The greatest gift a parent can give a child, Linda, is the ability to become independently happy.
And the greatest gift a child can give a parent is exercising that ability.
Happily,
The Universe
You gotta love the Universe, so wise. We are on the home stretch here in the Rhia goes to School sweepstakes. Did the shopping, started packing, spent her gift cards (that she needs to mail the thank you notes for, errrghhhh!) You know how you anticipate something for a really long time and then you just get to a point where you just want to get on with it? It's time to move on. I know she feels it. I know I feel it. It's weird. I guess this is maturity where you know things are gonna be tough occasionally but you know they are going to be great occasionally too.
Acceptance. And maybe a bit of excitement. I'm gonna have a kid go to college! (2 kids actually) No one in my family has ever gone to college. My mom didn't go past the 8th grade, my dad the 9th. They come from very poor folk, they had to work and help support their families, there was no time for school. My mom ironed clothes and worked at People's Drug Store, my dad became a welder and eventually became a builder with his own business. We are blue collar people. My brothers are both construction and HVAC workers. I am of course, a no collar worker. Rhia is the first of my side of the family to actually go away to college and have the whole dorm, well rounded education thing. This is amazing if you think about it.
Barry's family has all been to college and are very wealthy as a result. Doctors, teachers, scientists... To them this is an inevitability. To my family (and me) it is a jaw dropping fantasy. I'm so proud of her. I am so amazed at her perseverance and tenacity in knowing what was (is) best for her and insisting on it. She has a gift of knowing the right thing to do even when everyone, including her parents, are telling her to do something else.
Both of my kids are blessings to this poor ole uneducated yoga teacher. They have the best of both worlds... book learnin' and street smarts or should I say 'heart smarts'? I have always been able to trust that they know the right things even when I don't agree with them. And Thank God, I learned that lesson so early and let them go with their own guts.
When I was 16 I found this poem and it became my blueprint for how I would raise my kids. I pass it on now...
On Children
~Kahlil Gibran
Your children are not your children.
They are the sons and daughters of Life's longing for itself.
They come through you but not from you,
And though they are with you yet they belong not to you.
You may give them your love but not your thoughts,
For they have their own thoughts.
You may house their bodies but not their souls,
For their souls dwell in the house of tomorrow,
which you cannot visit,
not even in your dreams.
You may strive to be like them,
but seek not to make them like you.
For life goes not backward nor tarries with yesterday.

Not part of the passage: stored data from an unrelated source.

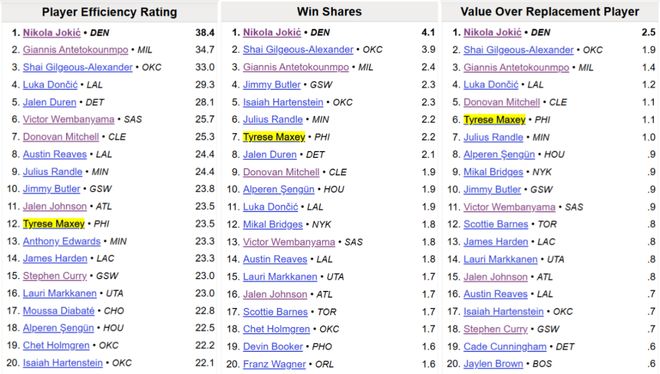BBR的高阶数据,马克西的PER值、WinShare、VORP(不可替代值)、BPM分别排在联盟第12、第7、第6、第7,多项数据后面跟的还是库里、文班这样的大佬。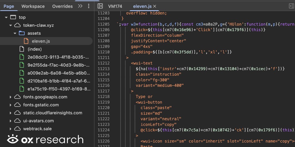 What makes this phishing campaign more concerning is how it's built under the hood. The malicious code is intentionally hidden and difficult to detect. OX Security found that the wallet-draining logic is embedded inside a JavaScript file named "eleven.js."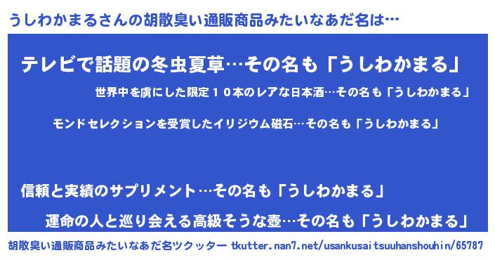 | 伝説のあだ名 | 『救世主となる占い師うしわかまる』 |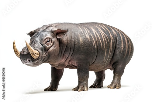 © Hungarian, Fototapeta premium A Close-up of a Babirusa with Large Tusks on white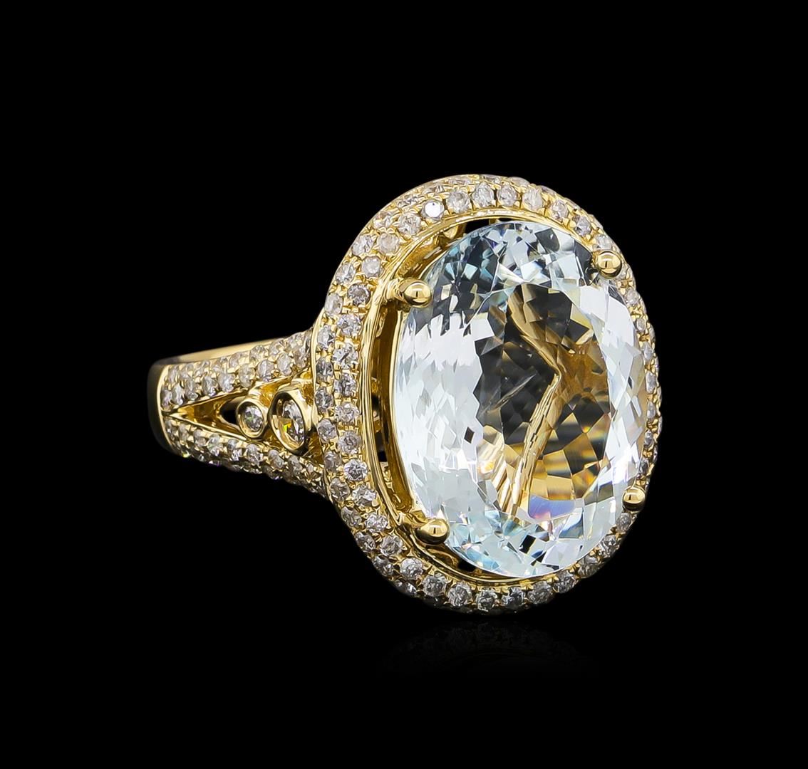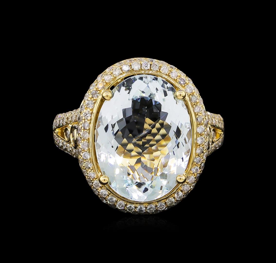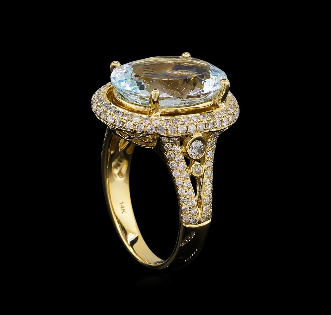 One electronically tested 14KT yellow gold lady's cast fashion ring with a split shank halo with a bright polish finish. The featured lady's ring has a shank measuring 2.71 millimeters wide. Trademark is Orianne. Identified with markings of "14K". Condition is new, good workmanship. Containing: One prong set oval modified brilliant cut natural aquamarine, measuring 15.28 x 11.63 x 6.03mm, 3%. bulge factor, approximate weight of 6.31ct., clarity is slightly included, type I, light, moderately strong, blue color, (GIA B 3/4), cut is very good. Transmitting light with no distortion, transparent. Colored gemstones are presumed to have been subjected to commonly used enhancement processes. Graded in the setting. Two bezel set round brilliant cut diamonds, measuring 2.30 - 2.20 x 1.40mm (depth est.) approximate total weight of 2 Stones = 0.09ct. Graded in the setting. Clarity: SI-2. Color: Good One Hundred Sixty-Six prong set round brilliant cut diamonds, measuring 1.15 - 1.05 x 0.66mm (depth est.) approximate total weight of 166 Stones = 0.78ct. Graded in the setting. Clarity: SI-2 to I-1. Color: H - I. Cut Good. Total Weight of Colored Stones 6.31ct. Total Weight of Diamonds 0.87ct. Total Weight of Ring 7.90gm. GAS Appraised at $12,200.00.

You are the bows from which your children
as living arrows are sent forth.
The archer sees the mark upon the path of the infinite,
and He bends you with His might that His arrows may go swift and far.
Let our bending in the archer's hand be for gladness;
For even as He loves the arrow that flies,
so He loves also the bow that is stable.
2 comments:
Blessings on you my friend as you watch your children become whatever it is that God has planned for them.
Beautiful.
And kuddos to you for raising a smart wise child. I will be sending good wishes you family's way.